Hughes v. Certified Flooring Installation, Inc.

CourtDistrict Court, E.D. Kentucky
DecidedOctober 7, 2025
Docket2:25-cv-00045
StatusUnknown

This text of Hughes v. Certified Flooring Installation, Inc. (Hughes v. Certified Flooring Installation, Inc.) is published on Counsel Stack Legal Research, covering District Court, E.D. Kentucky primary law. Counsel Stack provides free access to over 12 million legal documents including statutes, case law, regulations, and constitutions.

Bluebook
Hughes v. Certified Flooring Installation, Inc., (E.D. Ky. 2025).

Opinion

UNITED STATES DISTRICT COURT EASTERN DISTRICT OF KENTUCKY NORTHERN DIVISION AT COVINGTON

CIVIL ACTION NO. 25-45-DLB-CJS

TRACI DEPEW HUGHES, PLAINTIFF

v. MEMORANDUM OPINION AND ORDER

CERTIFIED FLOORING INSTALLATION, INC., DEFENDANT

*** *** *** *** This matter comes before the Court upon Defendant Certified Flooring Installation, Inc.’s (“CFI”) Motion to Dismiss Plaintiff Traci Depew Hughes’s Amended Complaint. (Doc. # 14). Plaintiff having filed her Response in Opposition (Doc. # 15), and Defendant having filed its Reply (Doc. # 16), the Motion is ripe for review. For the following reasons, Defendant’s Motion to Dismiss is granted in part and denied in part. I. FACTUAL AND PROCEDURAL BACKGROUND Between June 8, 2020 and February 22, 2024, Traci Depew Hughes worked for CFI out of its Hebron, Kentucky office.1 (Doc. # 7 ¶¶ 7-8). Although Hughes had been in recovery for several years when she began work at CFI, she had previously struggled with alcohol abuse. (Id. ¶ 10). During that period, Hughes had trouble engaging in several daily activities such as concentrating, sleeping, working, and taking care of herself. (Id.). Indeed, Hughes’s alcoholism exerted such a negative impact on her daily functioning that she sought and received treatment for alcohol addiction. (Id. ¶ 11).

1 Given the present procedural context, the factual summary that follows is taken from the Plaintiff’s Amended Complaint (Doc. # 7) and construed in her favor. See Crugher v. Prelesnik, 761 F.3d 610, 614 (6th Cir. 2014) (internal citations omitted). Although Hughes is nineteen years sober, her alcoholism continues to impact her life in significant ways. (Id. ¶ 14). Specifically, maintaining her sobriety requires avoiding exposure to environments where alcohol is “consumed, displayed, or encouraged.” (Id. ¶ 15). Such exposure presents a substantial risk of relapse and would significantly impair her ability to “function, concentrate, and maintain her recovery.” (Id.). Hughes alleges

that this precaution is not a matter of personal preference, but a “clinical necessity.” (Id. ¶ 16).

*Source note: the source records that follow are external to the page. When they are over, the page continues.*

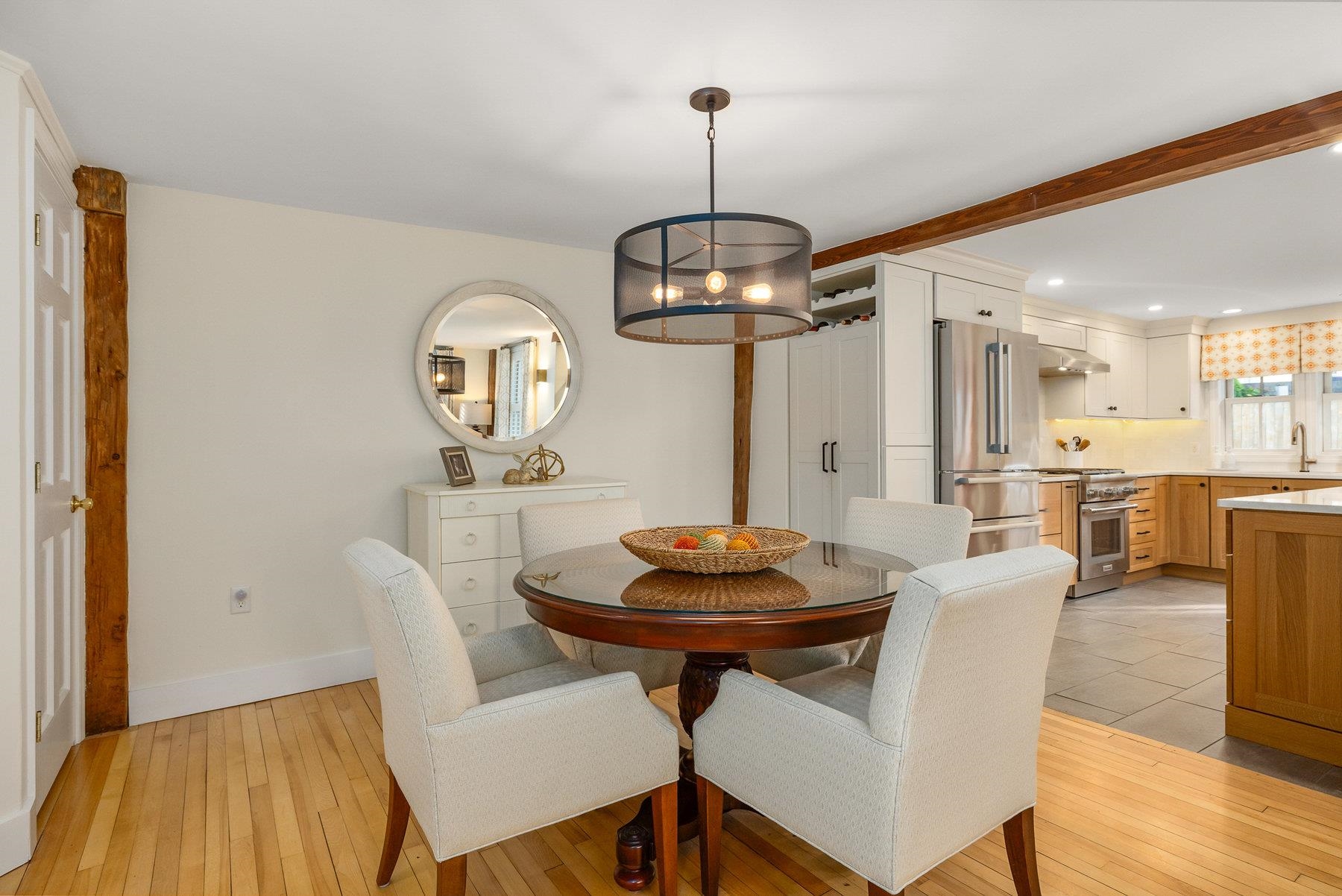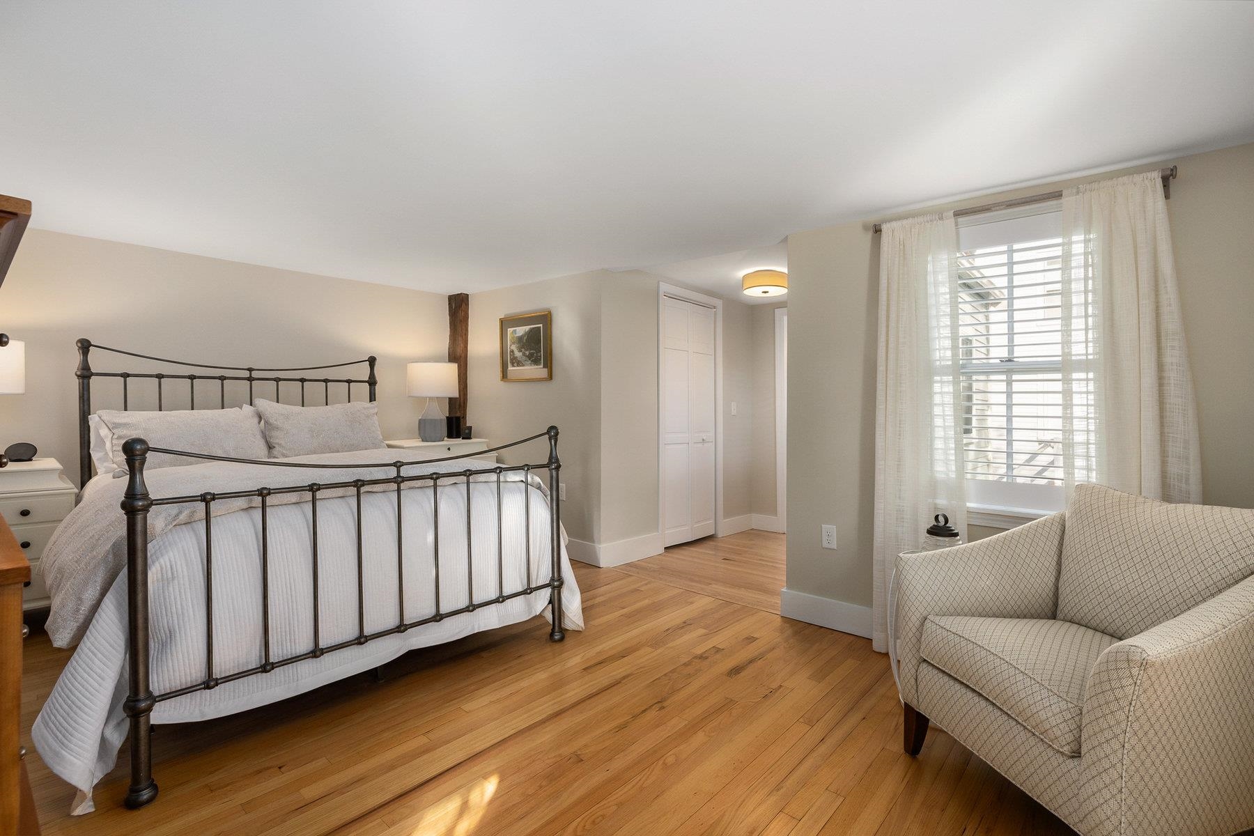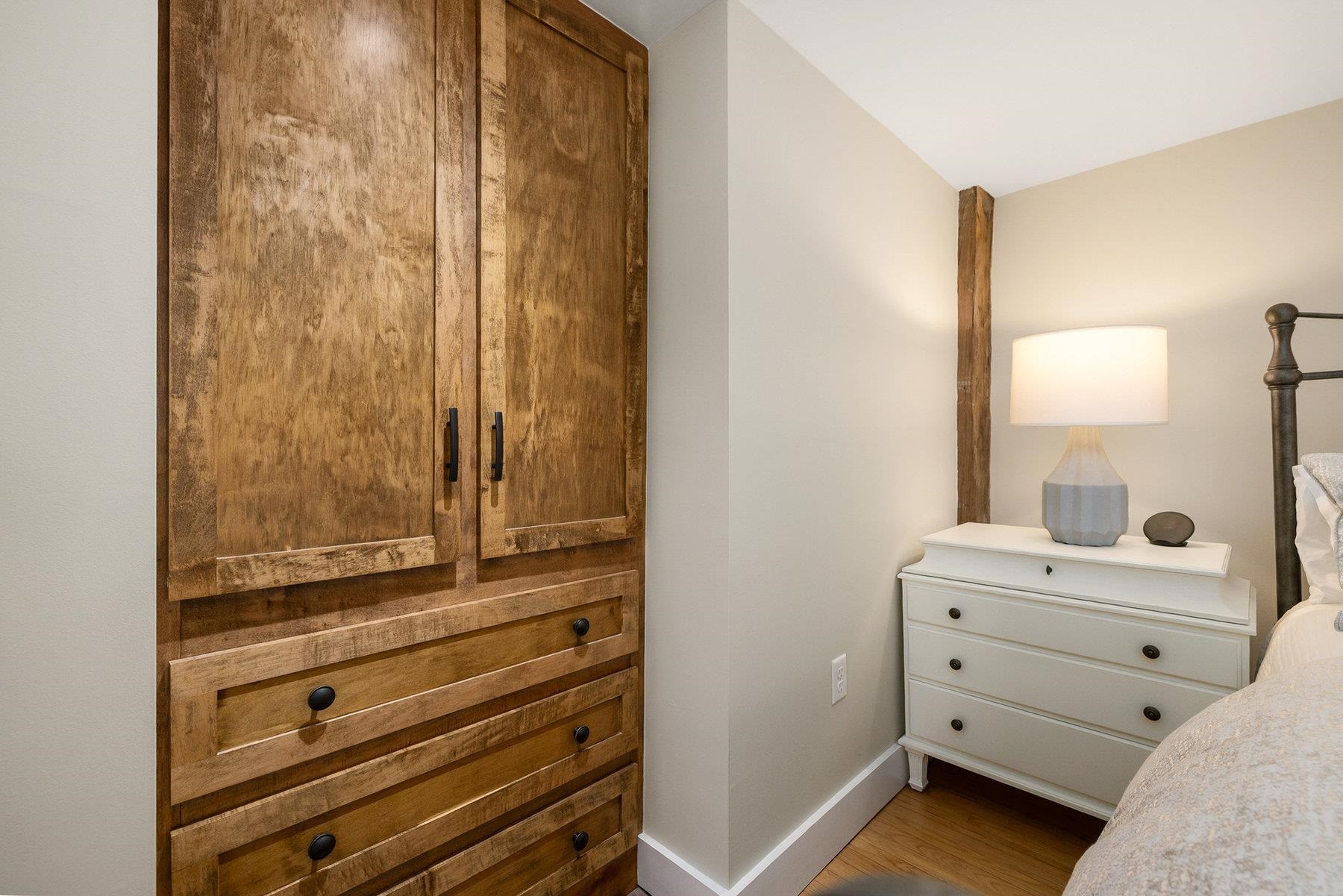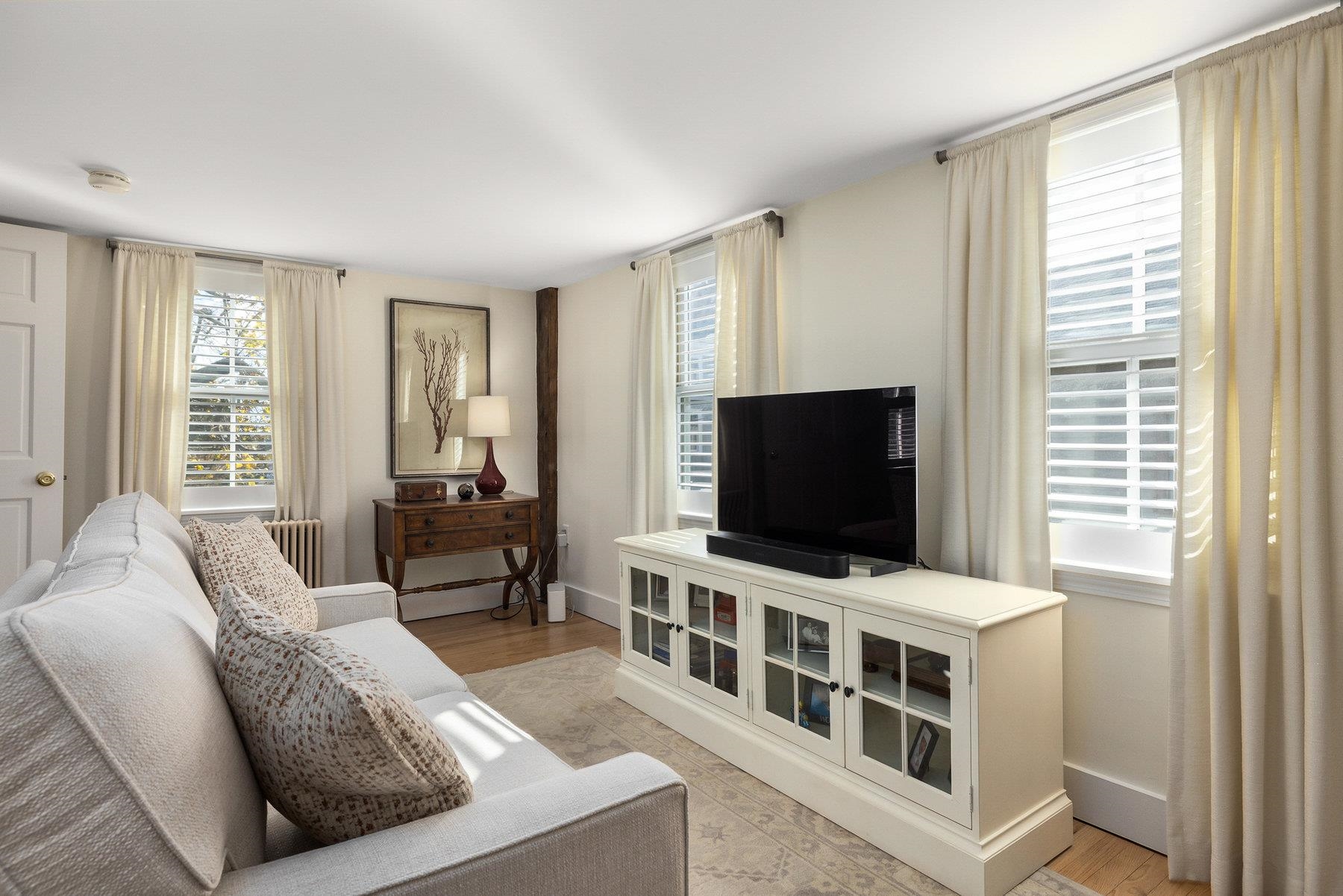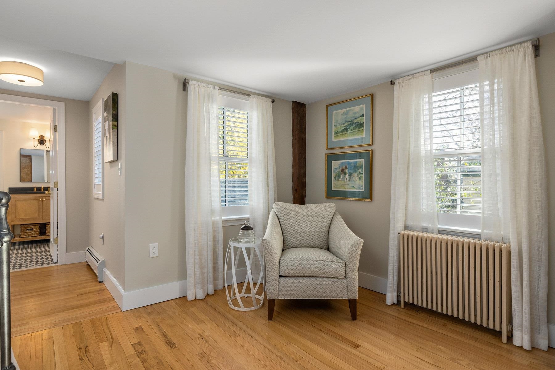 Tucked in the heart of Portsmouth’s South End, this beautifully reimagined home combines timeless character with thoughtful modern updates. The kitchen shines with custom cabinetry, quartz countertops, with Thermador & Bosch appliances, while the adjoining living area offers a warm, inviting spot to relax by the new electric insert in the wood burning fireplace. Upstairs, the spacious primary suite features a walk-in closet, custom built-ins, and an elegant en-suite bath. A second bedroom with its own newly updated full bath ensures comfort for guests or family. Originally renovated top-to-bottom in 2008 and enhanced again in 2020, the home continues to evolve with style and care. Classic details - exposed beams, gunstock corners, and wide wood floors - bring a sense of history to the light-filled spaces. Every detail has been carefully maintained and improved -from the refreshed landscaping with irrigation to the newly painted interior and updated heating system. Outside, a private stone patio and pocket garden create a peaceful retreat, and a garage with a brick driveway provides three coveted off-street parking spaces. Ideally located near Portsmouth’s best restaurants, parks, and waterfront attractions, this impeccable South End residence offers the very best of in-town living.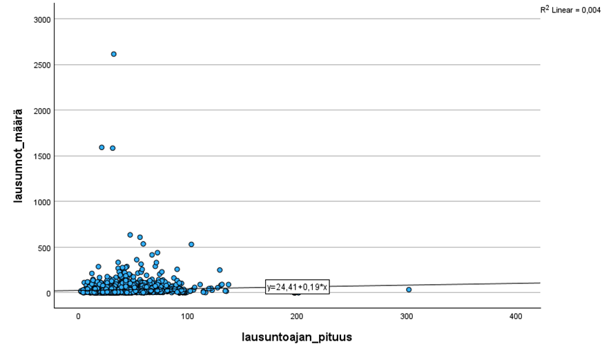| Spearman’s rho | lausuntoajan_pituus | Correlation Coefficient | 1,000 | 0,211** |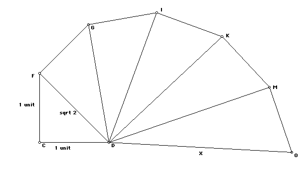 The final side should be sqrt(7), and the hypotenuses should go sqrt(2), sqrt(3), sqrt(4)β¦all the way up to x. Hopefully students will be fascinated by the relationship!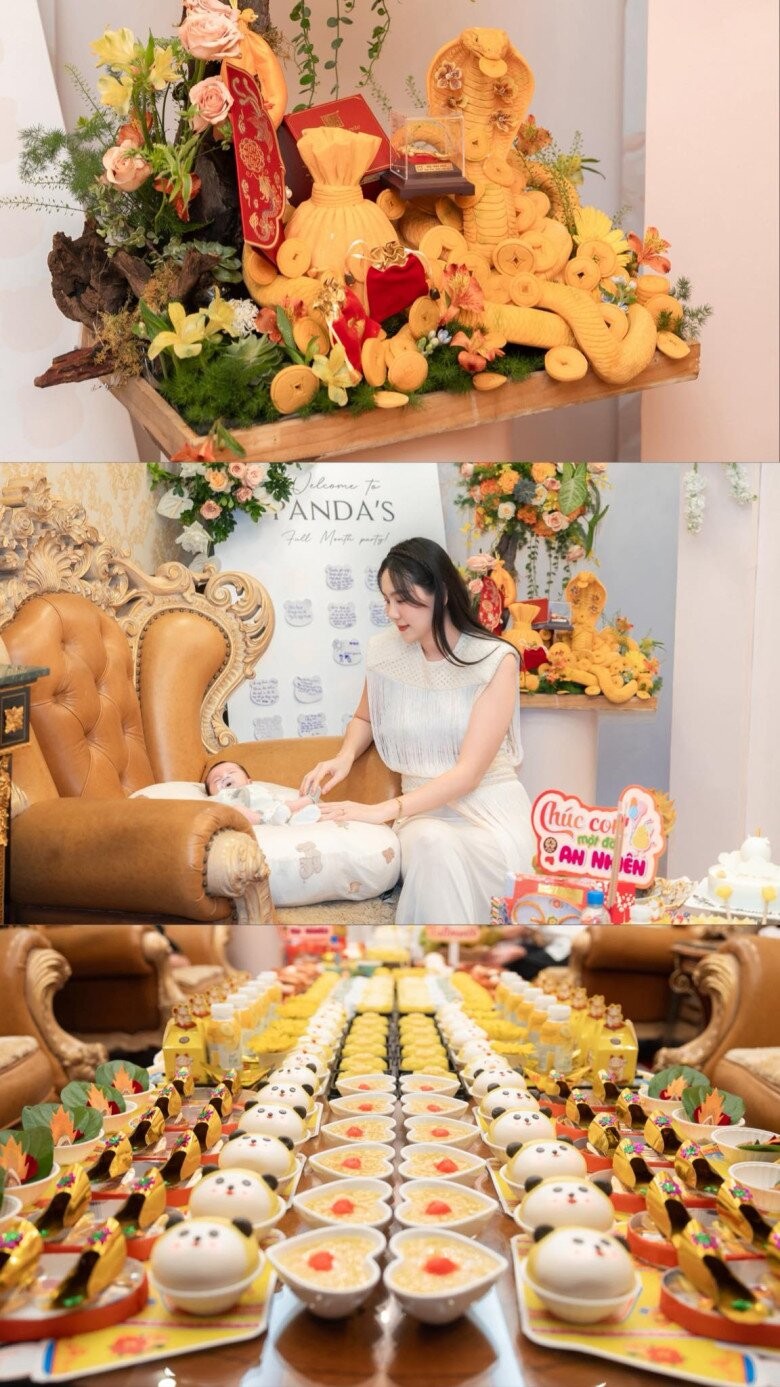 MC Mai Ngọc khoe mâm cúng đầy tháng do mẹ chồng chuẩn bị cho bé Panda.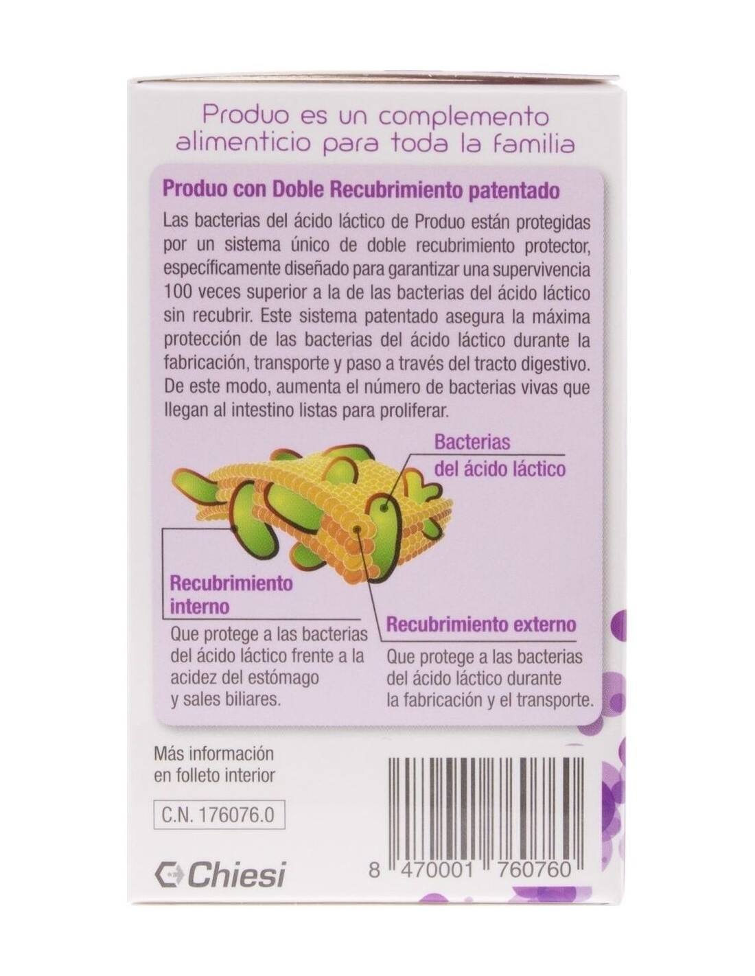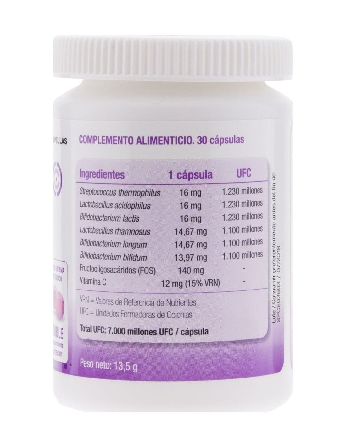 Complemento alimenticio a base de microorganismos, Lactobacilos y Bifidobacterias, que ayudan a mantener el equilibrio de la flora intestinal. Por su tecnología patentada de doble recubrimiento protector, garantiza una supervivencia 100 veces superior a la de los microorganismos sin recubrir, incrementando el número de ellos que llegan al intestino. Además vitamina C que contribuye a la función normal del sistema inmune.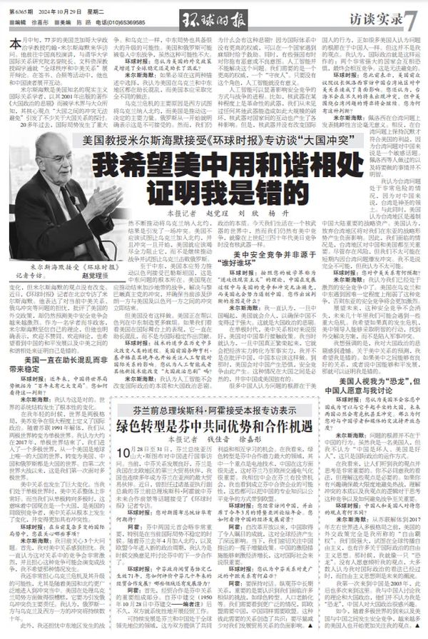 米尔斯海默接受《环球时报》专访谈“大国冲突”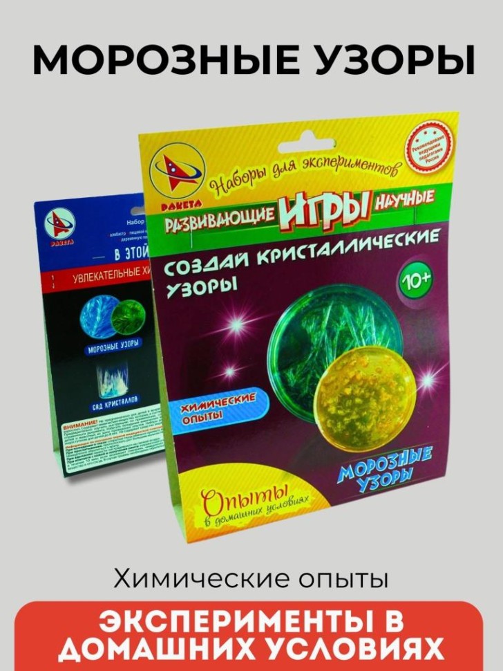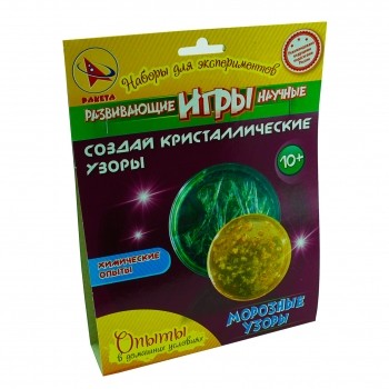 Набор для опытов Морозные узоры очень простой химический опыт предназначен для того, чтобы прямо у себя дома вырастить кристалл, внешне очень сходный с природным кристаллом. Он имеет причудливую форму, напоминающую зимние узоры на стекле.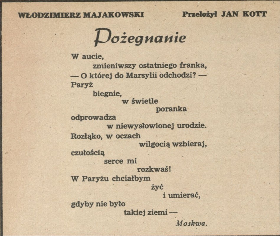 Archiwum / Poezja nr 140 (50/1947) 46/1638 Podziel się Tytuł Pozegnanie Autor Włodzimierz Majakowski Kategoria Poezja Artykuł z numeru 140 (50/1947) Data wydania 14 grudnia 1947 Tagi Moskwa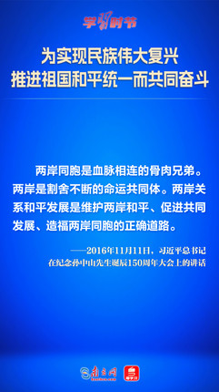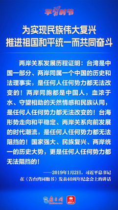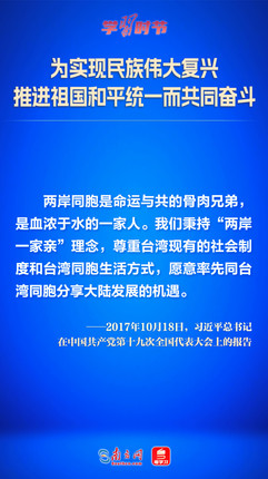 解决台湾问题、实现祖国完全统一,是中国共产党矢志不渝的历史任务,是全体中华儿女的共同愿望,是实现中华民族伟大复兴的必然要求。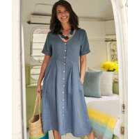 Woolovers BUTTON THROUGH LINEN DRESS W188L size: 8, colour: DENIM BLUE

Despite the steps Hughes took to maintain her sobriety, her performance as an employee of CFI did not suffer. (Id. ¶¶ 25-26). During her employment at CFI, Hughes received positive performance reviews, never received a reprimand and, in May of 2023, earned a promotion. (Id.). Hughes’s recovery was no secret in the CFI office. (Id. ¶ 19). CFI was “well aware” of Hughes’s recovery and Hughes freely discussed her sobriety with her peers. (Id. ¶¶ 18-19). When CFI began to host occasional “wine and cheese” events at the office to wind down the workday, Hughes had to make arrangements to leave the office early to

avoid exposure to alcohol. (Id. ¶¶ 20-22). This created tension between Hughes and her coworkers, who taunted her for not participating in the events. (Id. ¶ 23). In November of 2023, Hughes learned that CFI’s offices would be relocating from Hebron, Kentucky to Newport, Kentucky. (Id. ¶ 27). CFI’s new office in Newport sat across the street from a liquor store and above a popular bar. (Id. ¶ 28). Because working in that environment would involve consistent exposure to alcohol, Hughes realized that she would need to work from home. (Id. ¶ 30). Hughes could perform all of the essential functions of her job remotely and had worked from home in the past. (Id. ¶ 32). Other employees holding similar positions at CFI worked remotely and CFI’s infrastructure allowed for Hughes to work from home. (Id. ¶ 33). So, Hughes requested to work remotely due to her alcoholism on or about January 2, 2024. (Id. ¶ 31). In the wake of her accommodation request, Hughes experienced ostracization and exclusion at the CFI office. (Id. ¶ 35). Hughes was excluded from meetings, left out of communications, and the subject of water cooler gossip about her alcoholism and request

for accommodation. (Id. ¶¶ 36-37). Around January 25, 2024, Hughes repeated her accommodation request and provided CFI with letters from her health care provider and her Sponsor. (Id. ¶ 39). These letters outlined the threat to Hughes’s sobriety posed by working at CFI’s new location. (Id. ¶ 40). In February of 2024, Hughes proposed an alternative accommodation whereby she would alter her working hours to avoid the bar’s hours of operation. (Id. ¶ 41). Without granting any of Hughes’s requests, on February 21, 2024, CFI informed her that she would have to submit her accommodation request on her health care provider’s formal letterhead. (Id. ¶ 43). When Hughes submitted such a request the next day, she was fired. (Id. ¶¶ 44-45).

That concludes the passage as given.